12:00am | & Lifestyle

Back in the days when the price of milk was controlled directly by the government, there was outrage on May 25th 1979 that the price of a pinta was going up to 15p.

That represented a 10% increase – much more than expected – and meant that a pint of milk now cost three times more than it had just five years previously.

Making the announcement was Agriculture Minister for the newly-elected Conservative Government, Peter Walker, who blamed the size of the increase on the previous Labour administration. He said his predecessor in the post, John Silkin, had avoided making necessary price rises to protect Labour’s waning popularity in the run-up to the election.

“It’s a rise that should have taken place in April,” said Mr Walker. “I inherited a dairy industry whose costs had risen, and producers whose costs had risen also. I hope it will be as long as possible before we have another adjustment.”

In fact, it would only be seven months until the price of a pint of milk went up by another 10% (1.5p) in December 1979. Critics of the new Conservative government were quick to resurrect an old chant aimed at its leader, Prime Minister Margaret Thatcher. When serving as Education Secretary (from 1970 to ’74), she abolished free school milk for children aged seven to 11 as a cost cutting measure, causing protesters to chant “Thatcher! Thatcher! Milk snatcher!”.

Now critics of her government claimed she was doing it again, this time ‘snatching’ milk from the poorest people in society through successive price rises. The one announced 39 years ago today brought widespread condemnation from consumers and milk producers. The Consumers’ Association said it was appalled at the size of the price increase and wrote to the Agriculture Minister demanding a review of the pricing structure.

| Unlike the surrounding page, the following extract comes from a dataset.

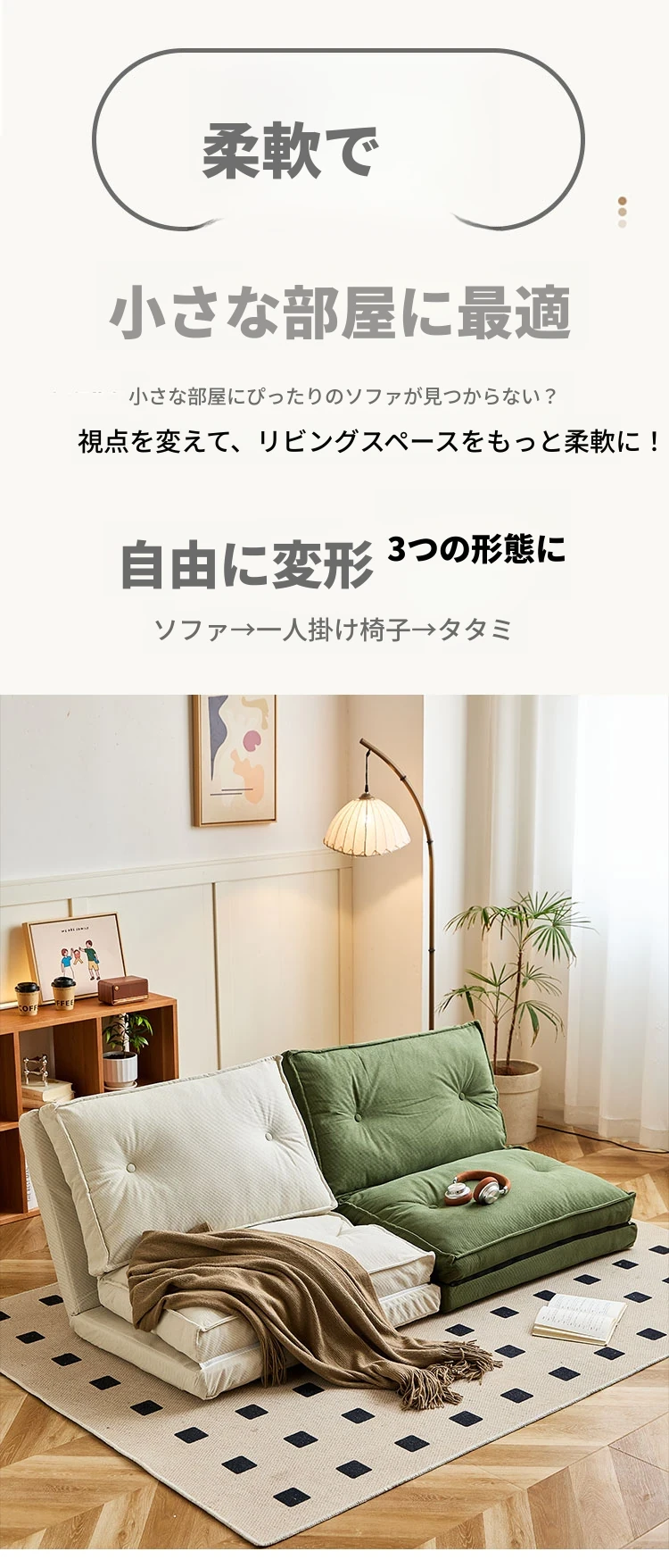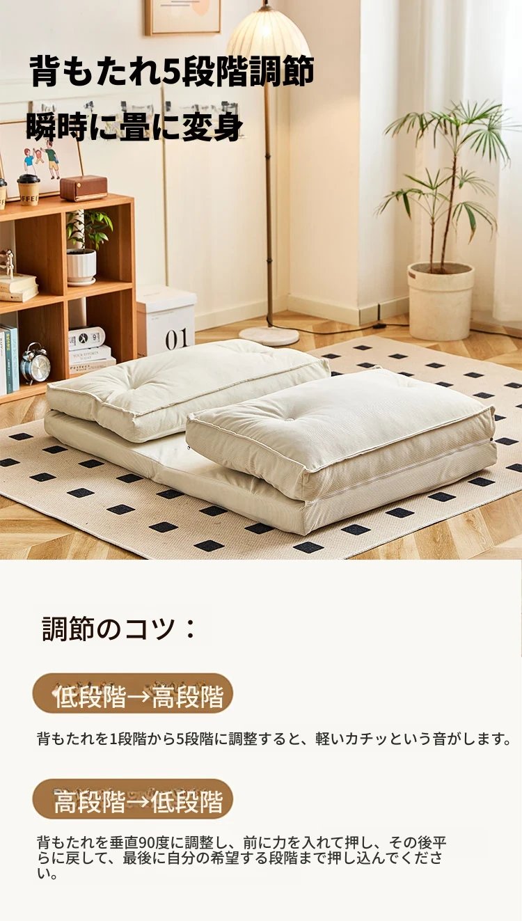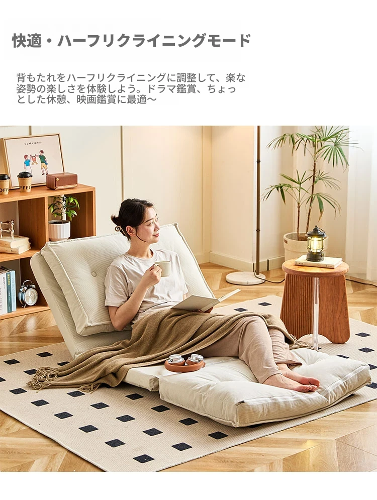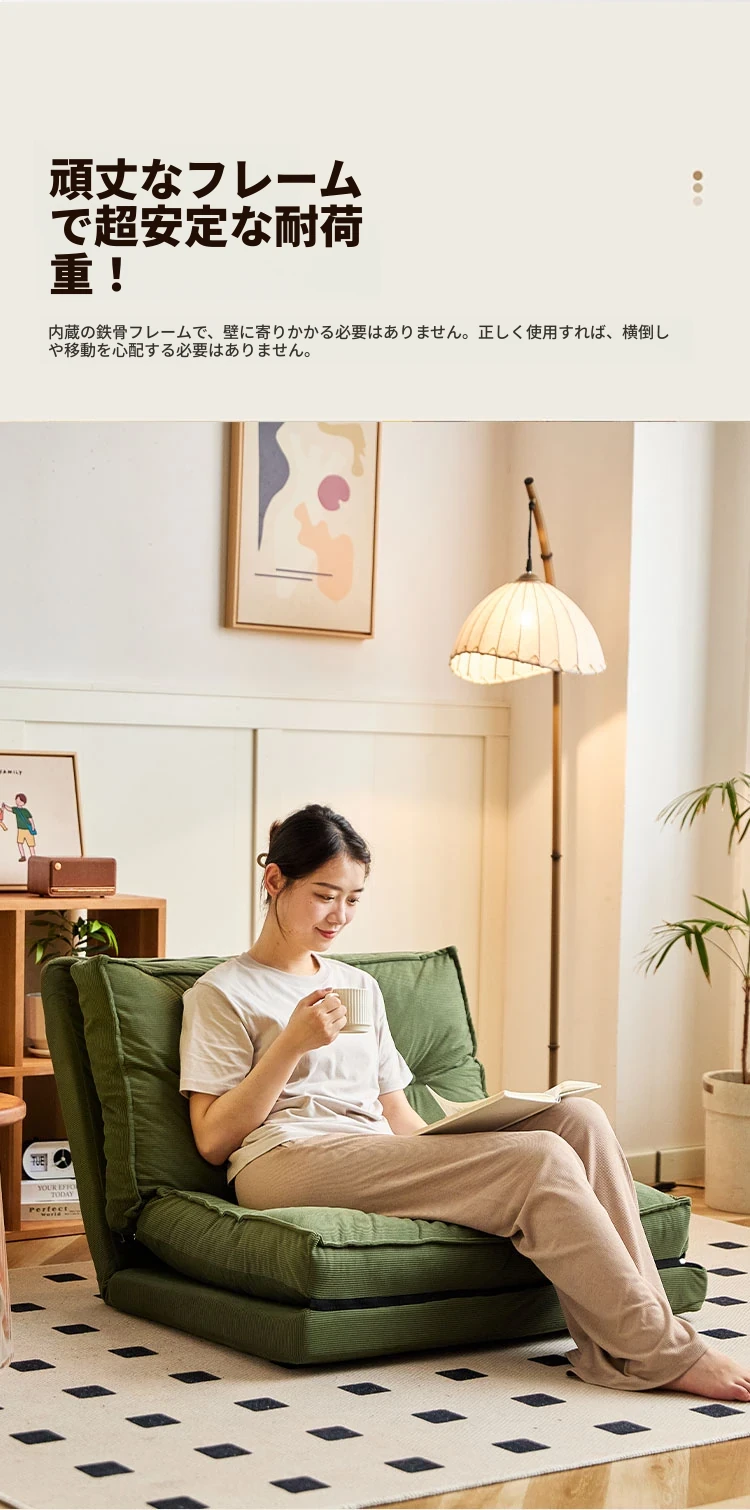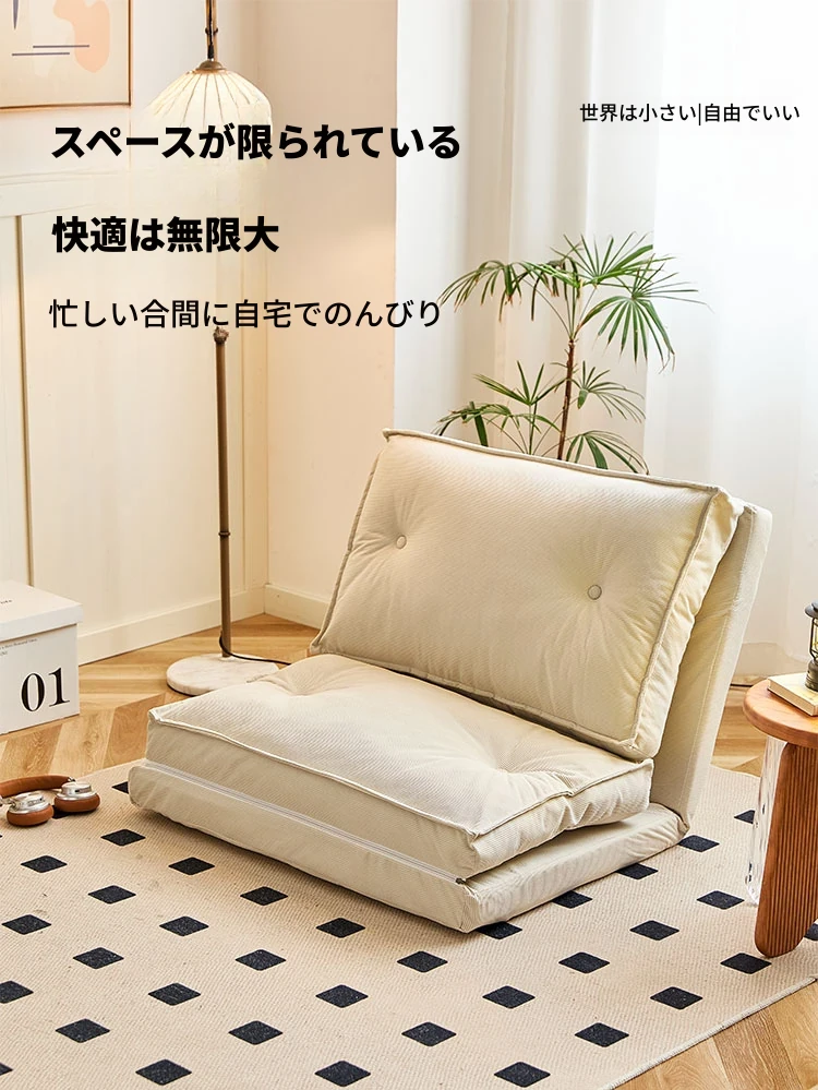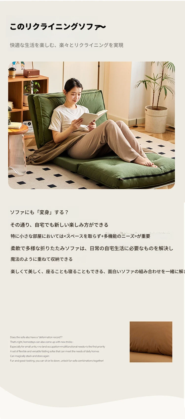 折りたたみ式リラックスソファ!畳スタイルの二重機能、快適な一人用リクライニングチェア。バルコニーや寝室にぴったりな、くつろぎの小型ソファです。おしゃれで実用的、あなたのリラックスタイムを充実させます!

Meanwhile, milk producers said the sudden price rise would lead to a further steep drop in sales. The previous year the number of pint bottles of milk sold had slumped by an unprecedented 424 million, with rising prices blamed for the drop. Producers also pointed out that only a tiny fraction of the price rises went to them – they were paid virtually the same for the milk they produced while the extra money went to milk processors and distributors.

Again the new Conservative Government blamed its Labour predecessor, which had allowed a 15% pay increase for 43,000 milk delivery staff just before the election, leading to a steep rise in milk distribution costs. And milk wasn’t the only thing rising in price in 1979. Bread, gas and electricity had all experienced steep rises and petrol was up by 6p a gallon, all leading to a choppy first few weeks for Britain’s first female Prime Minister.

Following the second price rise in December that year, the cost of a pint of milk stabilised at around 17p (about 82p in today’s money) with only small rises in line with inflation in the years that followed. In 1994, the British milk market was deregulated following the precious year’s Agriculture Act. It meant major retailers could now drive down the price of milk in competition with each other.

Today a pint of milk costs about 50p, although it is mostly sold in litres in supermarkets and other stores, with a steep decline in the number of daily doorstep deliveries. The main concern now is not the cost of a pinta, but how much of it goes to the dairy farmers who produce the milk.

The National Farmers’ Union has warned that small dairy farmers are leaving the industry in their thousands because the costs of producing milk too often outweighs the money they are paid for it. It means that British milk production is dropping rapidly, with retailers increasingly relying on foreign imports. Some supermarkets are supporting farmers by offering consumers the opportunity to buy milk from which a guaranteed percentage of the sale price goes to the producers. In other cases, farmers have formed their own local co-operatives to sell the milk they produce directly to retailers.